Look at this example, where I'm running the JS on the client located in the UTC+1 zone:

Do you notice any difference? :)

It's weird, it's unexpected, it's unintuitive. But, does it have some meaningful background, maybe some well-defined standard to back it up? Also no. This is a remnant of the old JS world, an error in specification that does not adhere to the ISO 8601 standard and never will because of backward compatibility issues.

new Date('2024-01-01') should do the same as new Date('2024-01-01T00:00:00') but it doesn't. Without time explicitly being set, it assumes that the input parameter('2024-01-01') is in UTC. Now if that code runs on the client that's behind UTC, for example, a western part of the globe.
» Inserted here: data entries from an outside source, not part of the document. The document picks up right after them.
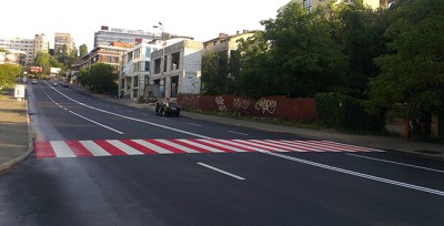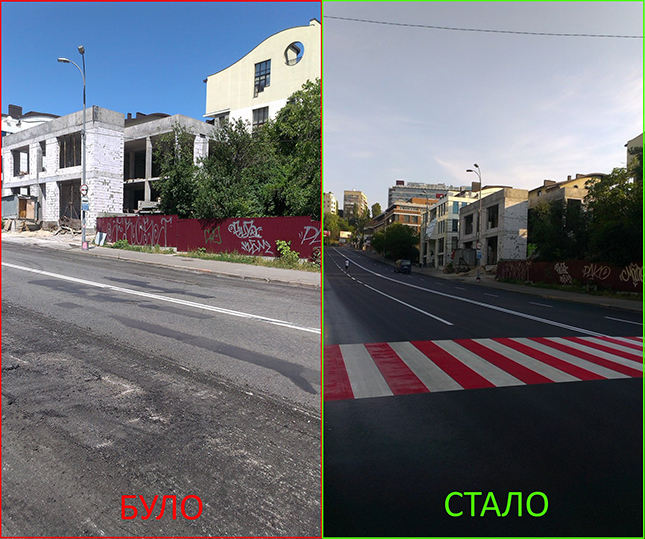 Окрім того, на новому асфальтобетонному покритті був влаштований черговий пішохідний перехід червоно-білого кольору з використанням холодного двохкомпонентного пластику. Вказаний перехід є потенційно аварійно-небезпечним об’єктом, тому таке технічне рішення є дуже актуальним та повинно мінімізувати можливість скоєння ДТП за участю пішоходів.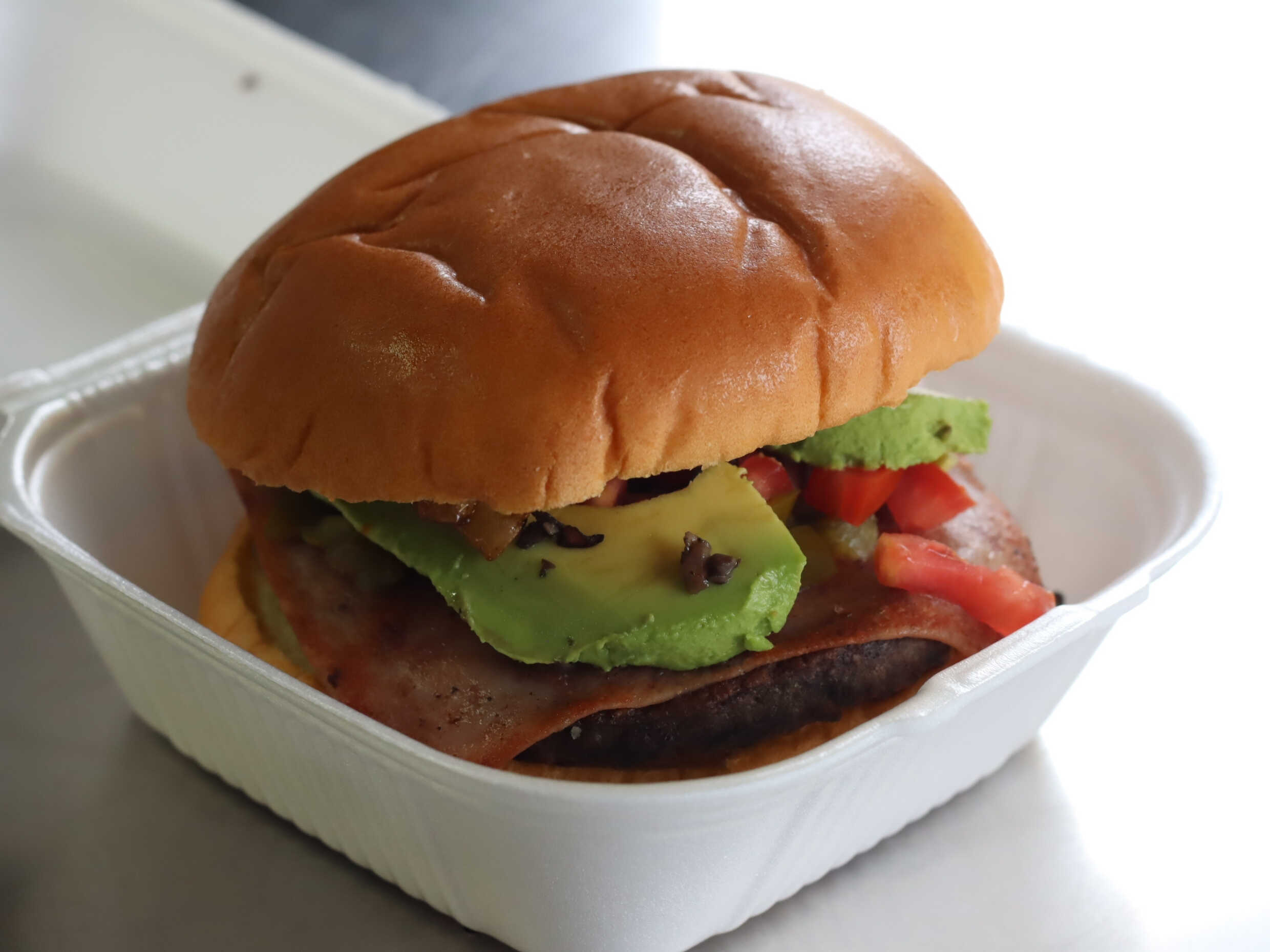 Carne arrachera con, jamón de pavo, queso manchego, cebolla frita, champiñón, cebolla morada, chile, tomate, cátsup, mayonesa, aguacate y pan brioche.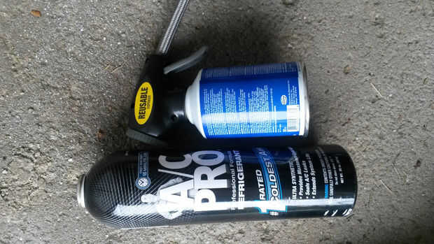 El manómetro manguera simplemente tornillos en la parte superior de la lata. Tiene la aguja para permitir que el freón al flujo a la manguera. Habrá un punto en la rosca donde de repente se pone más estricta - en este punto, pinchazos de la aguja la puede. Trate de colocar las manos para atornillar el siguiente pocos hilos rápidamente para minimizar las fugas desde la parte superior de la lata. Una vez conectada la manguera, maneje con cuidado la lata. El refrigerante fácilmente puede causar quemaduras al contacto con la piel.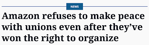 At the same time Bezos refuses to meet with workers, he has poured millions into political influence, donating to Donald Trump’s inauguration, and paying to stream it. Amazon’s refusal to bargain violates the National Labor Relations Act, which guarantees workers the right to organize and negotiate collectively.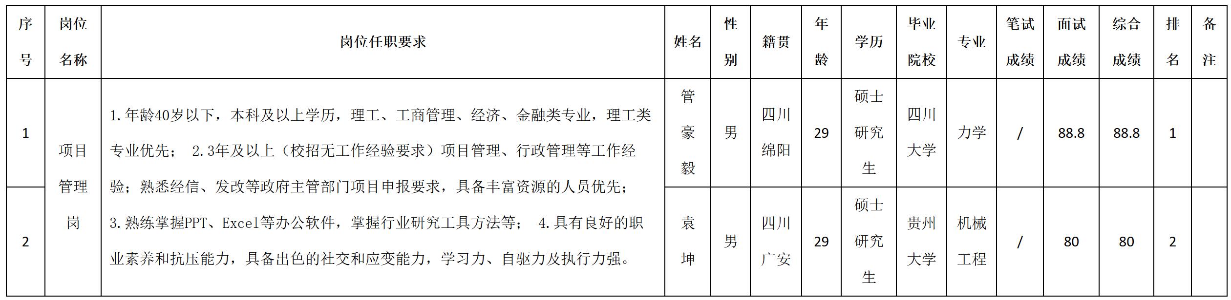 根據(jù)四川九洲投資控股集團有限公司發(fā)布的招聘公告及招聘相關(guān)規(guī)定,經(jīng)筆試、面試等程序,現(xiàn)將筆試(面試)成績予以公示。

If the client's time zone lags for e.g. 6 hours, the Date constructor will produce a new Date object with the date/time being set to 2023-12-31T18:00:00. On the other hand, if you pass in the 2024-01-01T00:00:00 string(notice that one also doesn't specify a time zone) it won't assume UTC but rather use your local time zone offset and you will get the date object with the exact date/time for your time zone :).

This is where the bugs come from. Date constructor assumes UTC time zone for one input format while on the other hand, it uses the local time zone for the format that has time specified. Pretty unexpected. If you try to do the same inputs using moment.js you will get the expected and consistent behavior because date libraries handle so many weird cases for us out of the box.

It was a bit hard to dig out the exact reason why it behaves like this, but I eventually found the reason on MDN page:

Also, see the mentioned post on the topic and the proposal for a solution — proposed Temporal API. But at the moment this is the situation with Temporal API:

Leaving us with plenty of reasons to still choose to work with external libraries for dates. Just like the following couple of reasons:

// 1. Months are zero-indexed, while days and years are one-indexed
const date = new Date(2022, 0, 1); // January 1, 2022

// 2. Two-digit years are interpreted as 1900-1999
const y2k = new Date(99, 0, 1); // January 1, 1999

// 3. Negative years are allowed, representing years B.C.
const ancient = new Date(-44, 2, 15); // March 15, 45 B.C.

// 4. Parsing date strings can be inconsistent across browsers and locales
const parsedDate = new Date('03/15/2022'); // May not work consistently

// 5. Daylight Saving Time can cause unexpected behavior
const dst = new Date(2021, 2, 14, 2, 30); // March 14, 2021, 03:30 (skipped hour)

By the way, please consider a bit more modern options for handling dates like Day.js or date-fns. I mentioned moment.js just because it was the easiest to reach and verify the behavior, but other than that its usage is no longer recommended.